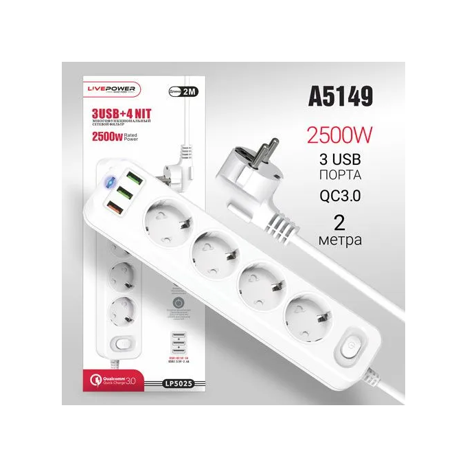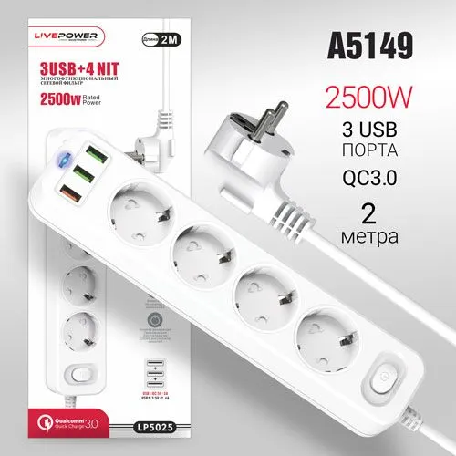 Сетевой фильтр-удлинитель Live-Power LP5025 3USB+QC3.0 + 4 розетки 2000mm White
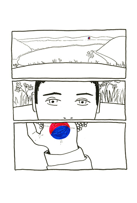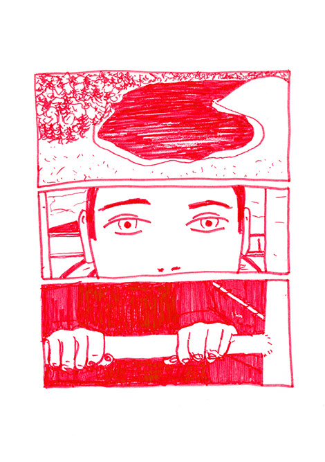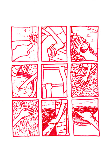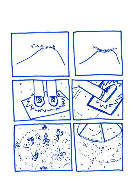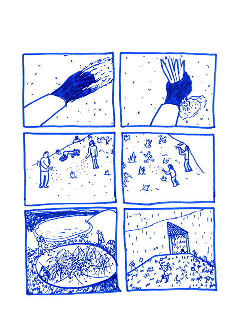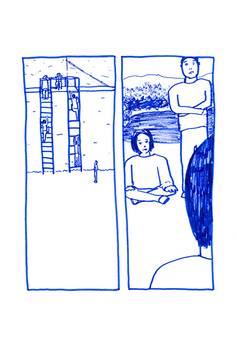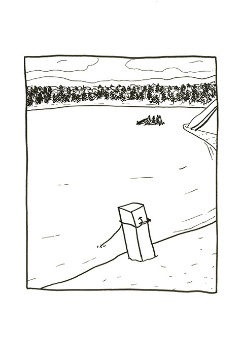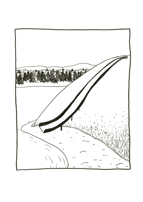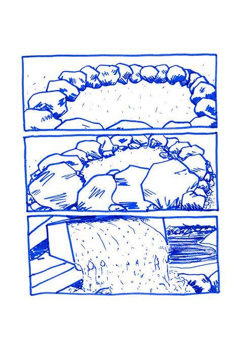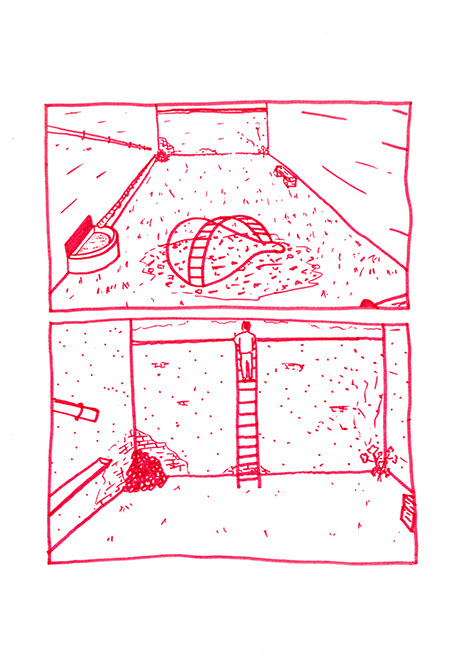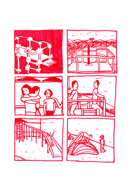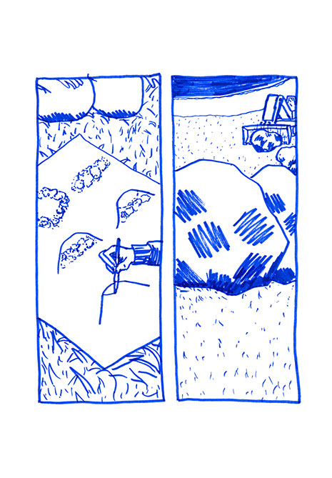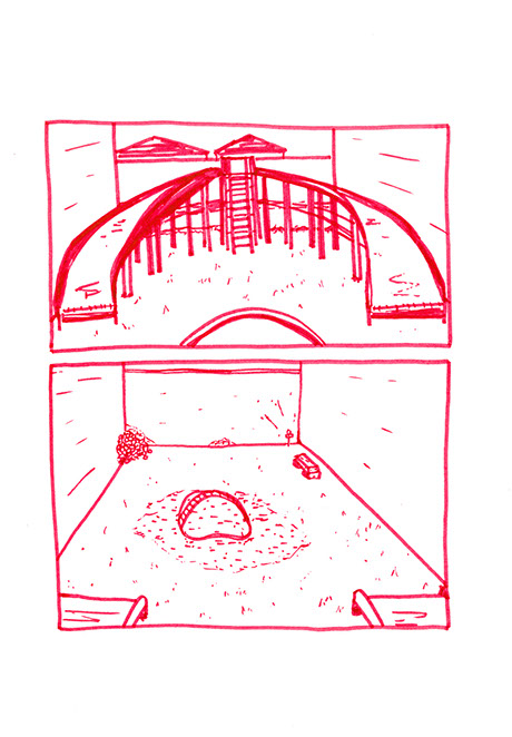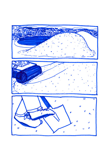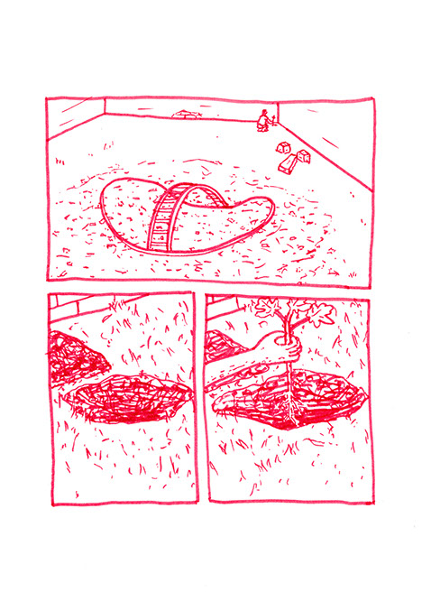 oubliées des aires d’autoroute ou des vieux supermarchés. Il a une histoire à raconter pour chacune de ses balles. Ensuite, il place un demi-toit surélevé au-dessus de la moitié du cratère pour pouvoir s’allonger et regarder le ciel, se protéger des intempéries et voir le paysage, raconter des histoires et être dans un espace maison. Ils jouent à sortir les balles du cratère. Après ils s’amusent à les chercher au pied de la colline ou cachées dans la végétation. Dès qu’ils en trouvent une, ils la lancent en visant l’emplacement d’origine. Ils nomment ce jeu, le volcan. Puis ils décident de construire un immense toboggan qui irait du sommet d’une des deux collines jusqu’en bas vers la plage. Ils le dessinent puis le conçoivent. Ils le testent et s’en réjouissent. Ils remontent et glissent de nouveau. C’est sans fin.
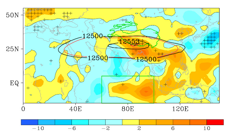 南亚夏季风(SASM,South Asian summer monsoon)是亚洲季风系统三个成员中最强的成员,其强度受海陆热力差异的影响。欧亚大陆和印度洋之间的热力对比越大,SASM环流越强,季风降水越多。
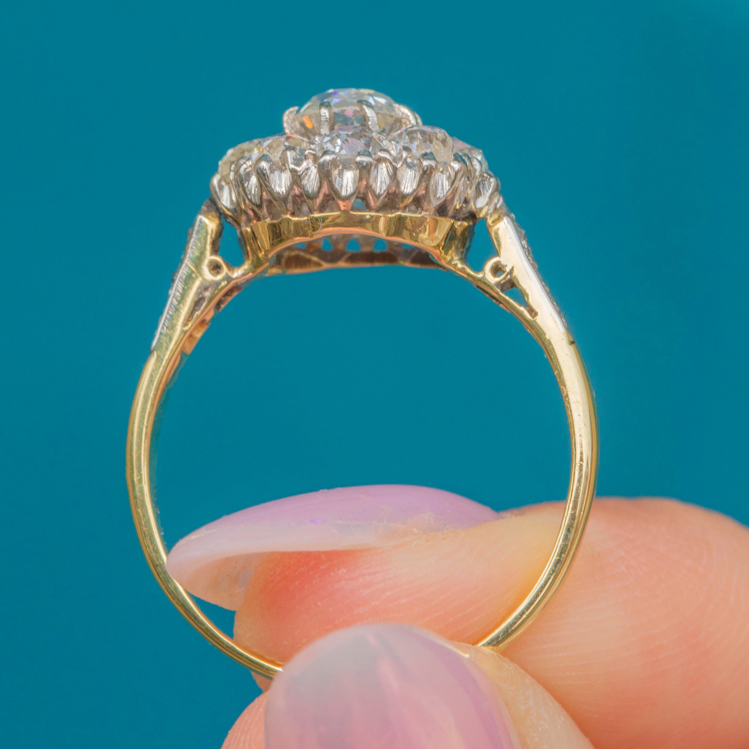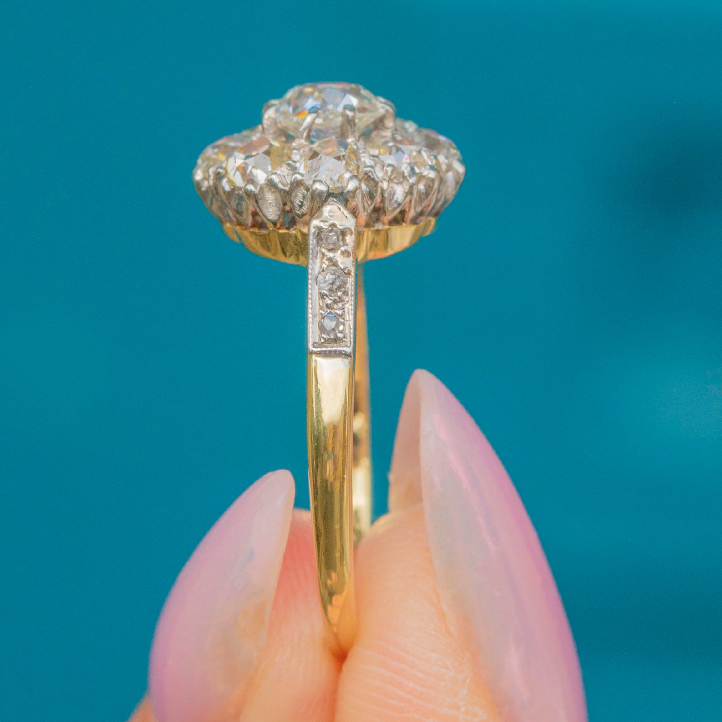 Victorian Diamond rings are quintessentially glamorous, and this piece is no exception. Each Diamond is set within lustrous Platinum settings and rests on a buttery warm 18ct Gold band, ensuring decadence in abundance. She is complete with three petite Diamonds flanking either shoulder for a sparkly finishing touch!
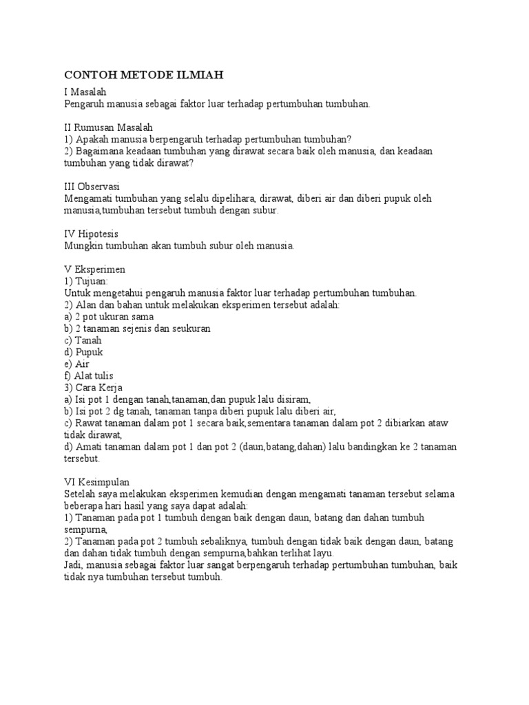 Pengertian, contoh, ciri, kriteria., viewed may 28. Contoh makalah biologi kacang hijau. Karena karya ilmiah memiliki peran dalam membuktikan dan atau memodifikasi suatu teori yang telah ada. Karya ilmiah biologi tentang tanaman umbi lapis pada contoh karya ilmiah biologi dedua ini, kita memiliki sedikit perbedaan antara struktur penulisaannya dengan yang pertama tadi. Cintailah alam kita, karena alam kita bukan hanya untuk kita tetapi juga untuk anak dan cucu kita. Contoh metode ilmiah tentang tumbuhan. Semoga sehat selalu ya, jangan lupa untuk selalu menggunakan masker, menjaga jarak dan tentunya mencuci tangan untuk menghindari penularan virus covid 19.oiya pada kesempatan yang baik ini kakak ingin membagikan kepada adik adik mengenai materi yang sudah disusun yaitu materi tentang metode ilmiah dari mata. Contoh makalah biologi kacang hijau. We did not find results for: Berikut ini adalah contoh soal pilihan ganda metode ilmiah yang telah dilengkapi dengan kunci jawaban. Karya ilmiah sangat berperan dalam kemajuan suatu ilmu pengetahuan. Karena itu, metode ilmiah biologi perlu diperkenalkan sejak dini seperti di kelas 10 sma. Contoh metode ilmiah i masalah pengaruh manusia sebagai faktor luar terhadap pertumbuhan tumbuhan.

**TASK PROMPT**.
Because the pictures are not wanted, retype only the text of every record, exactly as given.

**OUTPUT OF THE TASK**.
 Сетевой фильтр-удлинитель Live-Power LP5025 3USB+QC3.0 + 4 розетки 2000mm White
 oubliées des aires d’autoroute ou des vieux supermarchés. Il a une histoire à raconter pour chacune de ses balles. Ensuite, il place un demi-toit surélevé au-dessus de la moitié du cratère pour pouvoir s’allonger et regarder le ciel, se protéger des intempéries et voir le paysage, raconter des histoires et être dans un espace maison. Ils jouent à sortir les balles du cratère. Après ils s’amusent à les chercher au pied de la colline ou cachées dans la végétation. Dès qu’ils en trouvent une, ils la lancent en visant l’emplacement d’origine. Ils nomment ce jeu, le volcan. Puis ils décident de construire un immense toboggan qui irait du sommet d’une des deux collines jusqu’en bas vers la plage. Ils le dessinent puis le conçoivent. Ils le testent et s’en réjouissent. Ils remontent et glissent de nouveau. C’est sans fin.
 南亚夏季风(SASM,South Asian summer monsoon)是亚洲季风系统三个成员中最强的成员,其强度受海陆热力差异的影响。欧亚大陆和印度洋之间的热力对比越大,SASM环流越强,季风降水越多。
 Victorian Diamond rings are quintessentially glamorous, and this piece is no exception. Each Diamond is set within lustrous Platinum settings and rests on a buttery warm 18ct Gold band, ensuring decadence in abundance. She is complete with three petite Diamonds flanking either shoulder for a sparkly finishing touch!
 Pengertian, contoh, ciri, kriteria., viewed may 28. Contoh makalah biologi kacang hijau. Karena karya ilmiah memiliki peran dalam membuktikan dan atau memodifikasi suatu teori yang telah ada. Karya ilmiah biologi tentang tanaman umbi lapis pada contoh karya ilmiah biologi dedua ini, kita memiliki sedikit perbedaan antara struktur penulisaannya dengan yang pertama tadi. Cintailah alam kita, karena alam kita bukan hanya untuk kita tetapi juga untuk anak dan cucu kita. Contoh metode ilmiah tentang tumbuhan. Semoga sehat selalu ya, jangan lupa untuk selalu menggunakan masker, menjaga jarak dan tentunya mencuci tangan untuk menghindari penularan virus covid 19.oiya pada kesempatan yang baik ini kakak ingin membagikan kepada adik adik mengenai materi yang sudah disusun yaitu materi tentang metode ilmiah dari mata. Contoh makalah biologi kacang hijau. We did not find results for: Berikut ini adalah contoh soal pilihan ganda metode ilmiah yang telah dilengkapi dengan kunci jawaban. Karya ilmiah sangat berperan dalam kemajuan suatu ilmu pengetahuan. Karena itu, metode ilmiah biologi perlu diperkenalkan sejak dini seperti di kelas 10 sma. Contoh metode ilmiah i masalah pengaruh manusia sebagai faktor luar terhadap pertumbuhan tumbuhan.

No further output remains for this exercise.